The Smart can be set up in a variety of carry configurations. It is sold in three different packages. In the simplest kit, the Basic Bundle, the standard device is accompanied by a key chain and belt clip. You can also purchase the same device with a more robust package of accessories. The Accessory Bundle includes a soft case for quiet pocket carry, a carabiner clip, and an arm band. Finally, Striiv packages two of everything into a Family Bundle. In our testing for routine use we found the soft-cased, pocket carry mode to be the most useful. The screen and buttons lock securely so none of the data is compromised while bouncing around in a crowded pocket. And pocket carry is by far the most secure. The belt clip is handy and clean, but can come undone in day-to-day life. As with all pedometers, if your intention is to compare one day's activity to the next, make sure to carry the device in the same location and fashion each day.
The Smart was the least accurate device in our test. The Smart erred by 10.3 percent of actual.
Ease of Use
This pedometer comes with an easy and intuitive on-screen configuration menu. The device will talk and walk you through the setup procedure. We were able to start recording in just a couple minutes. However, when it came time to try out Striiv Sync, the computer application designed to organize Smart data, we had more problems. Downloading and installing the application was easy, but the initial synchronizing of the device and computer took almost two hours. In a second iteration of testing, with an entirely different device and new software download, this process took a tiny fraction of this time. Hopefully our later experience is the new norm and Striiv has remedied the issues we had at first.

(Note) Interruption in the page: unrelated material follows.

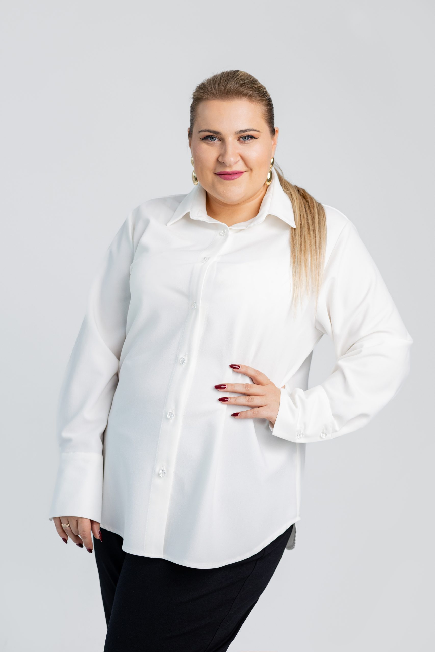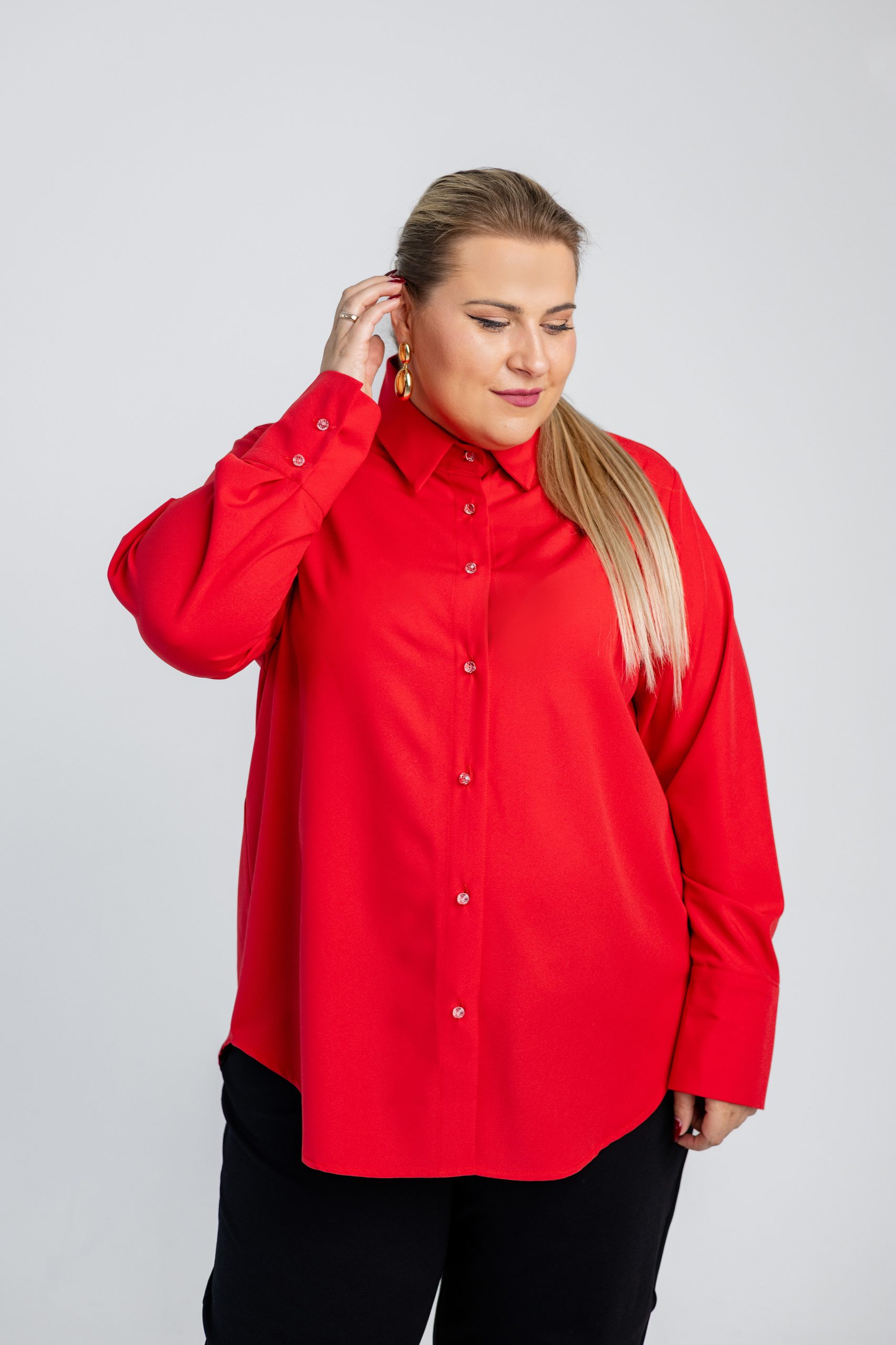 Klasikiniai marškiniai, tinkantys tiek kasdienai, tiek biuro stiliui. Nesiglamžantis audinys užtikrina tvarkingą išvaizdą visą dieną, o dailios skaidrios sagos suteikia subtilaus elegantiškumo. Marškiniai pasižymi patogiu, laisvesniu kirpimu, leidžiančiu jaustis komfortiškai bet kokia proga. Galima rinktis iš kelių spalvų: švelniai rožinės, baltos, juodos ir raudonos – todėl lengvai priderinsite prie skirtingų įvaizdžių.

This is an excellent device for the user looking to inspire and motivate more and more organized day-to-day activity. Additionally, the Smart is suitable for those that don't care to be tied to their smartphone for the collection and viewing of their activity data.
The $50 price tag is not inexpensive, but it is consistent with the cost of other full-functioned activity monitors. For this you get the simple and reliable instrumentation, as well as a carefully designed and comprehensive suite of motivational tools. Interestingly, Striiv pledges to make donations to one of a few different charities as the user logs more activity. If you have a philanthropic side, this attribute certainly increases the value of the Smart. It must be noted that like software updates the charity donations only occur upon plugging the Smart into Striiv Sync.
Our whole testing team liked the engaging and creative interface found on the Smart. With high-end accuracy in a self-contained package, this is a great device for much of the pedometer market.